#### RECORDS FOR THE EXERCISE ####
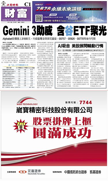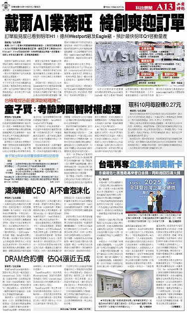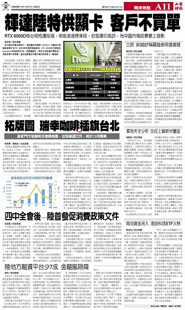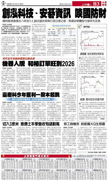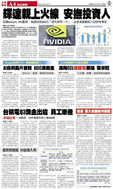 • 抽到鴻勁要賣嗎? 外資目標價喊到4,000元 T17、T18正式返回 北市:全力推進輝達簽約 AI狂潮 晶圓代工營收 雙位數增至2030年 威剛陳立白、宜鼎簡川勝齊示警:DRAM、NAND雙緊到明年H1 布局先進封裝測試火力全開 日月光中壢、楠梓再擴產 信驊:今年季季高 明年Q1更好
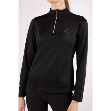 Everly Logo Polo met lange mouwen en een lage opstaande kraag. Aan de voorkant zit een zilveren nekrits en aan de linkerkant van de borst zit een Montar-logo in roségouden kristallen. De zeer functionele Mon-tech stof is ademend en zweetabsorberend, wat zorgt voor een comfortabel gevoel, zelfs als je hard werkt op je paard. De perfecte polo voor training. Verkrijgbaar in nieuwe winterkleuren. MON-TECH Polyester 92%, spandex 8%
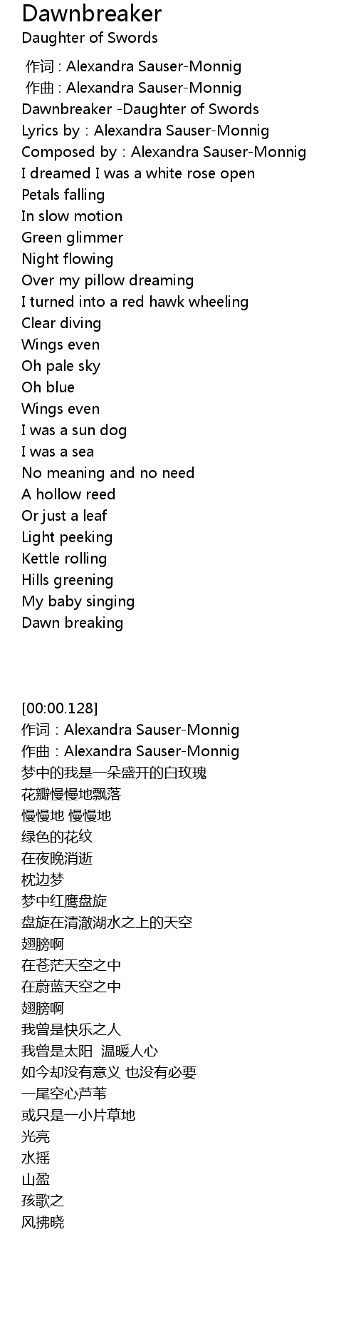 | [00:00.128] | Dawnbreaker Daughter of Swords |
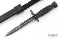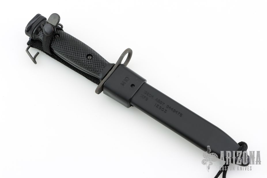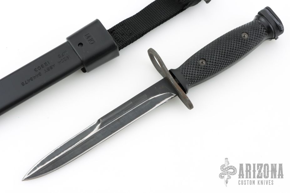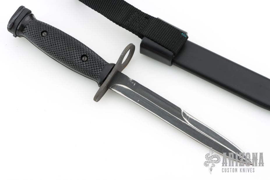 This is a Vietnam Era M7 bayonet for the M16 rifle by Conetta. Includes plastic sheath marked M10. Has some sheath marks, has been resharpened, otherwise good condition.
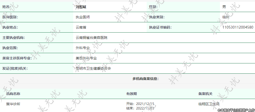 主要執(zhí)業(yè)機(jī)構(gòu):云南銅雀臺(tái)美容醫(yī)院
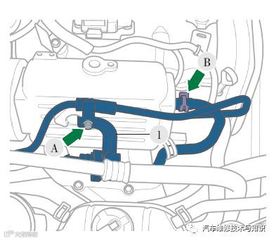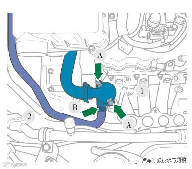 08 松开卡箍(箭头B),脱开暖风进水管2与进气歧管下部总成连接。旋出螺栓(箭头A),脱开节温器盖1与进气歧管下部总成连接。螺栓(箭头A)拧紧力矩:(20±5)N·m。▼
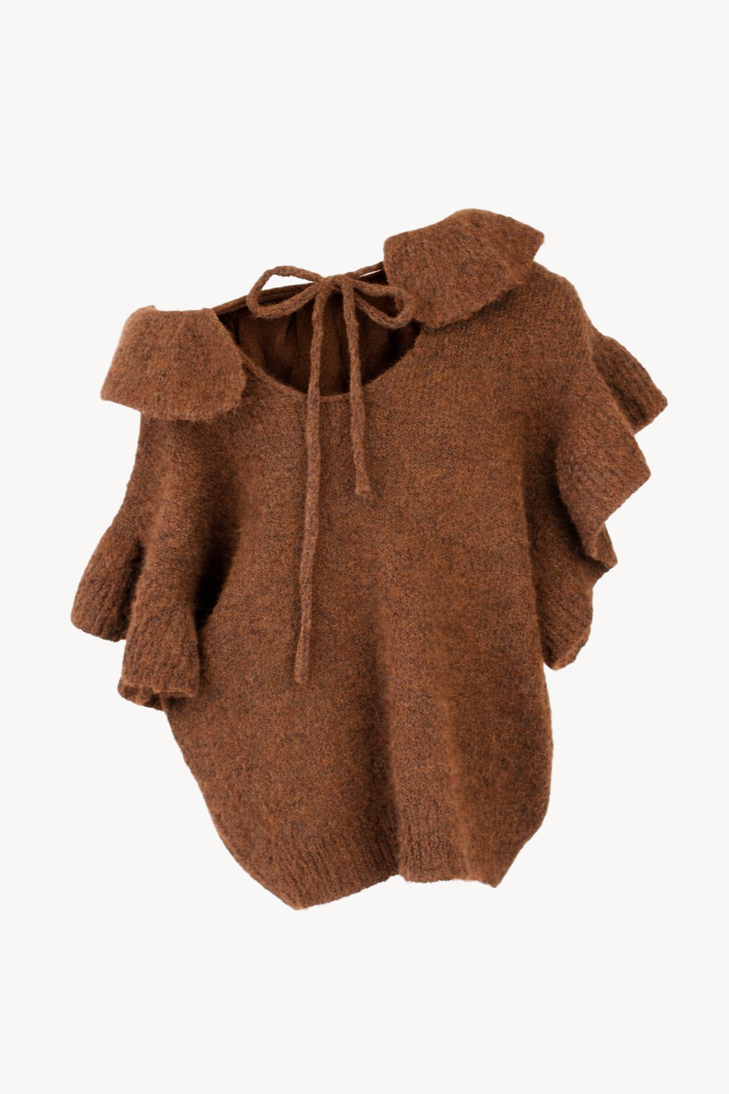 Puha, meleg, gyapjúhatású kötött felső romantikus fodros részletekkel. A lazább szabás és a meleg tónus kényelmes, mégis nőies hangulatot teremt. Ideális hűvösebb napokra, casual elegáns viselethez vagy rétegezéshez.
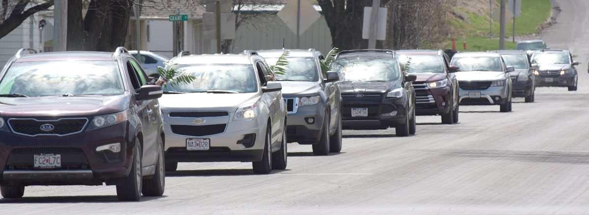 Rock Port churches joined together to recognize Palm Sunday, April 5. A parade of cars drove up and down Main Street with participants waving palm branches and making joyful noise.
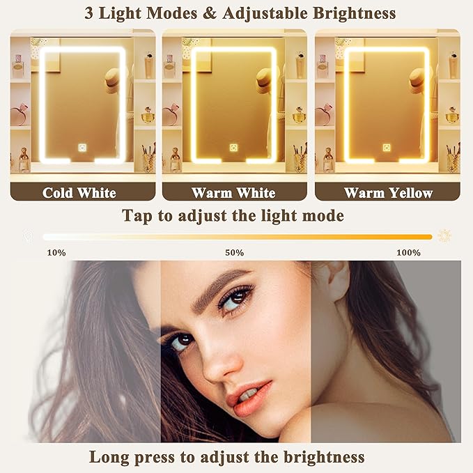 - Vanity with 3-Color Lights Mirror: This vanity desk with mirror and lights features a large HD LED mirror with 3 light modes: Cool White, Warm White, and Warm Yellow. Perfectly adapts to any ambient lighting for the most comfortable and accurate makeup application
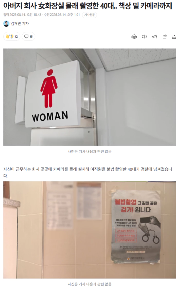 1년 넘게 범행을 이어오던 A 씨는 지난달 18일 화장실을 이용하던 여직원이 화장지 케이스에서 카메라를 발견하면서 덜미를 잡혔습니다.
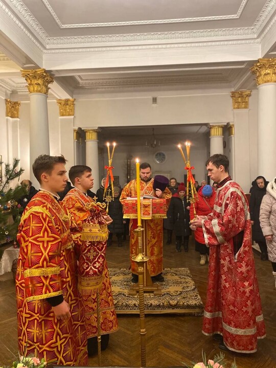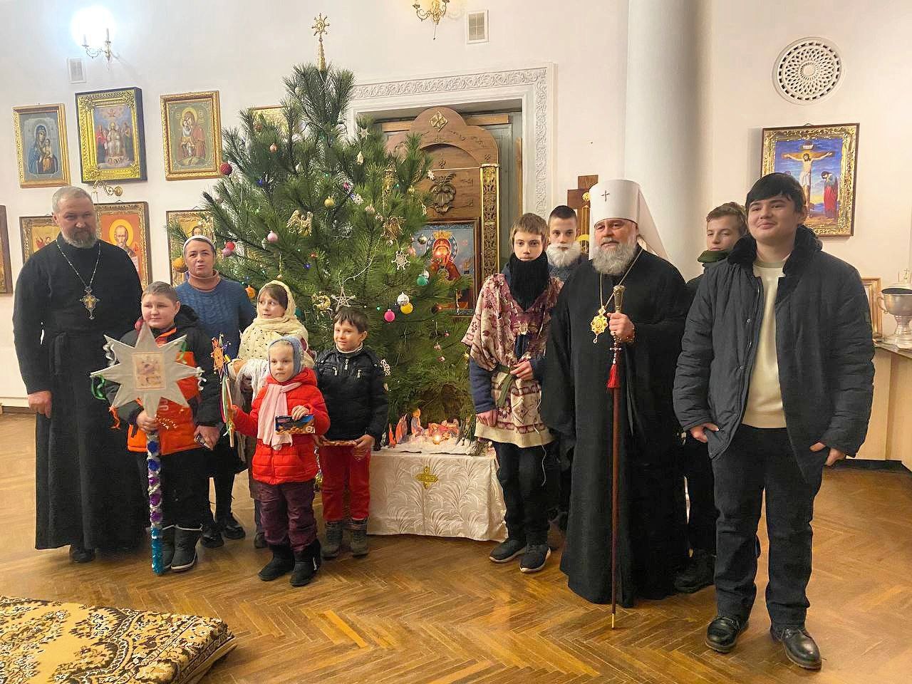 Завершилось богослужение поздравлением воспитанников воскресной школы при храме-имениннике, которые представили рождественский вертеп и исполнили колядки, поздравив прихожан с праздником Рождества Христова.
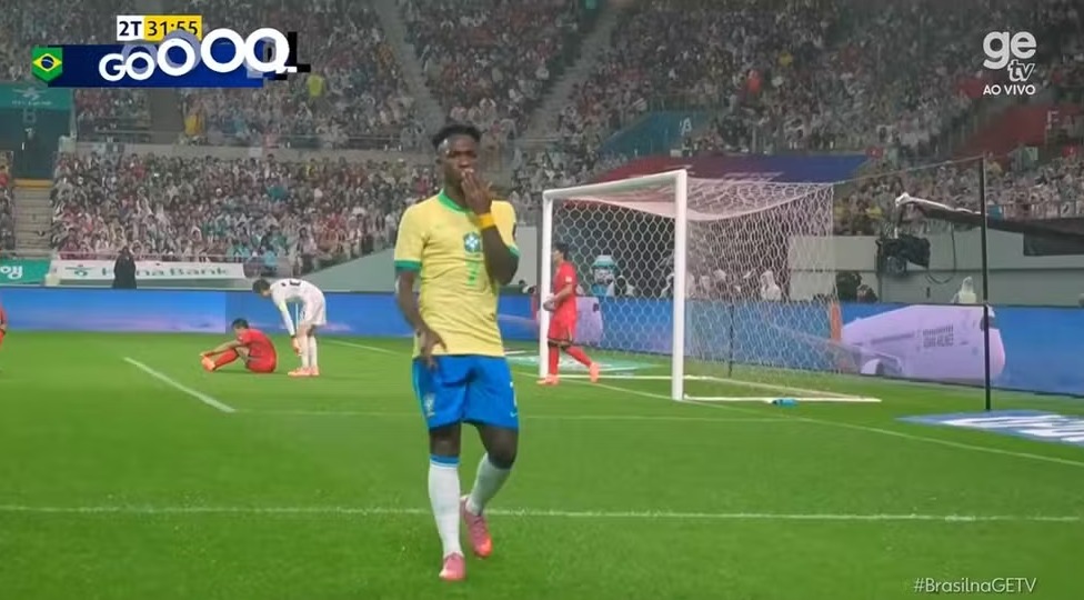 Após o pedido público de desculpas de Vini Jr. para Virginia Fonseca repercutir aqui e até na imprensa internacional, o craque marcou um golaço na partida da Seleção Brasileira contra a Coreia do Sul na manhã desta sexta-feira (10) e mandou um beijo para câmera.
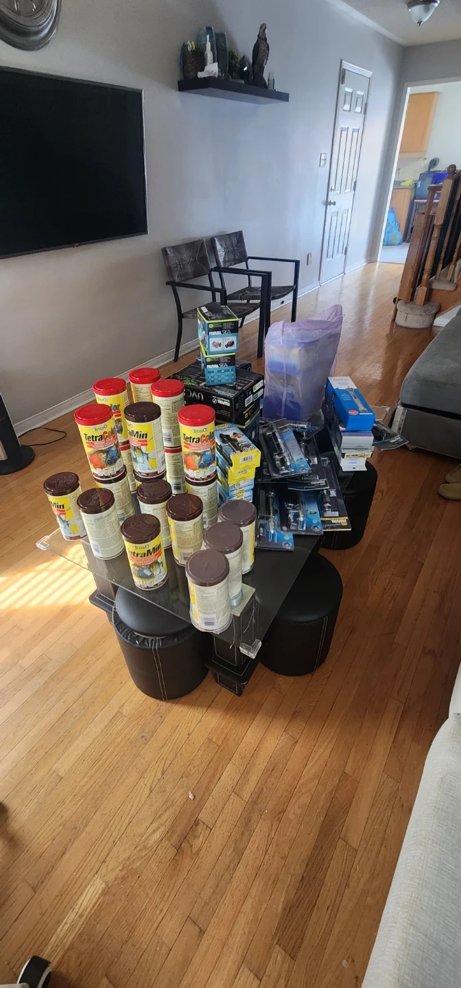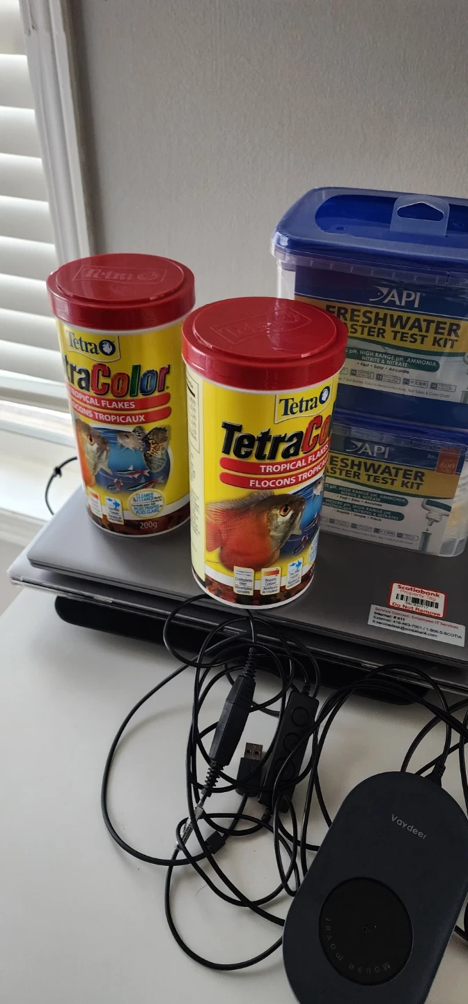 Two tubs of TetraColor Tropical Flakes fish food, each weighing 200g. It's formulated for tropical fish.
####
The lines to copy exactly start with the line above that has "Puha, meleg, gyapjúhatású" and go on through the line that has "Rock Port churches"; please include both, add nothing else, and omit the pictures.

 Puha, meleg, gyapjúhatású kötött felső romantikus fodros részletekkel. A lazább szabás és a meleg tónus kényelmes, mégis nőies hangulatot teremt. Ideális hűvösebb napokra, casual elegáns viselethez vagy rétegezéshez.
 Rock Port churches joined together to recognize Palm Sunday, April 5. A parade of cars drove up and down Main Street with participants waving palm branches and making joyful noise.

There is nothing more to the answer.